In Region 4, Madman Entertainment has released all seven seasons on DVD in Australia. Seasons 6 & 7 were released on June 19, 2013. The Season 7 release includes the reunion television film The Return of Sam McCloud.

| DVD Name | Ep# | Release dates |  |
| Region 1 | Region 4 |
| Seasons One & Two | 11 | August 9, 2005 | April 19, 2010 (Season 1) September 13, 2010 (Season 2) |
| The Complete Third Season | 5 | N/A | March 16, 2011 |
| The Complete Fourth Season | 5 | N/A | July 20, 2011 |
| The Complete Fifth Season | 9 | N/A | October 19, 2011 |
| The Complete Sixth Season | 7 | N/A | June 19, 2013 |
| The Complete Seventh Season | 6 | N/A | June 19, 2013 |
| The Complete Series | 45 | January 2022 | N/A |

The show is rated PG for Parental Guidance in Australia and PG in New Zealand for violence and drug references.

==In popular culture==
- McCloud became the basis for a recurring joke on the movie-mocking TV series Mystery Science Theater 3000: whenever one character in the featured film would call out for someone else, host characters Joel Robinson, Tom Servo, and Crow T. Robot would chime in by calling out to other unrelated (mostly) fictional characters—among them Sondra Locke, ALF, John-boy, Angels, Bosley, Mr. Drysdale, Mrs. Beasley, Mr. French, Uncle Bill, Boo Radley, Beastmaster, Cujo, and "Mr. Eddie's father". Invariably, these exchanges ended with Servo calling "Chief?" and Crow responding with "McCloud!" The gag was most prominently featured in episode 303, "Pod People".
- McCloud was also parodied by British comedian Benny Hill in a skit on The Benny Hill Show, “Murder on the Oregon Express”, in March 1976. In typical Hill fashion, Benny portrays a host of characters for comic effect from American crime-dramas of the time, such as Cannon, Ironside, and Kojak.
- Weaver played a version of himself in The Hardy Boys/Nancy Drew Mysteries, in an episode set on the Universal backlot (where much of McCloud was actually shot), in which he rides out of nowhere and saves Pamela Sue Martin's Nancy Drew by drawing her up on his horse when she is in a tight spot. His small bit of dialogue makes clear that he is an actor on a break from a shoot, and his costuming and horse suggest that he is Weaver on a break from McCloud, but like several other celebrity guests in the episode, it's never made explicit that he is playing himself.
- A thirteenth season episode of The Simpsons, "The Lastest Gun in the West", features guest star Weaver as old-time cowboy star Buck McCoy, who had starred on a 1970s detective show called "McTrigger", about which McCoy admits, "Seems all I did was shoot hippies." A clip showed McTrigger driving through New York in a convertible shooting at random members of the hippie crowd that covered the sidewalks. McCoy mentions the show was retooled after his character was written out to become Room 222.

==Syndication==
McCloud has aired in reruns on local stations in the past, and continues to do so on some to this day.
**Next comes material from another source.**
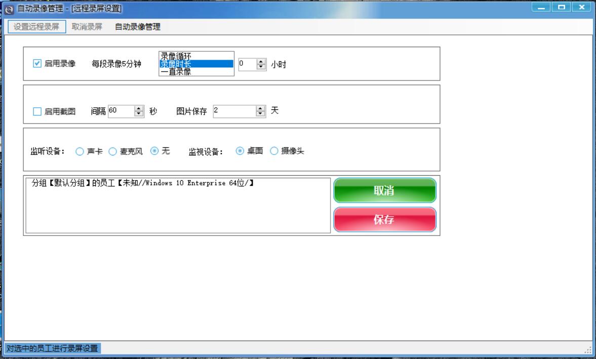 同時(shí)支持遠(yuǎn)程桌面、視頻的前臺(tái)及后臺(tái)錄制,錄制內(nèi)容可根據(jù)期和員工分類在經(jīng)理電腦保存,支持調(diào)節(jié)畫質(zhì)、循環(huán)錄制、及是否同時(shí)錄制聲卡或麥克風(fēng).
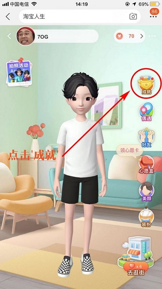 3、点击[淘宝人生]中的[成就]按钮;

Me-TV brought McCloud to its schedule as part of the late night "MeTV Mystery Movie" programming block which premiered on January 1, 2015. The network was employing a wheel arrangement similar to the original NBC Wednesday and Sunday Mystery Movie and rotated several other long-running programs from those including, McMillan & Wife, Columbo, Banacek, Quincy and the Perry Mason telefilms produced by NBC. The network eventually ceased airing the Mystery Movies, which moved to Cozi TV.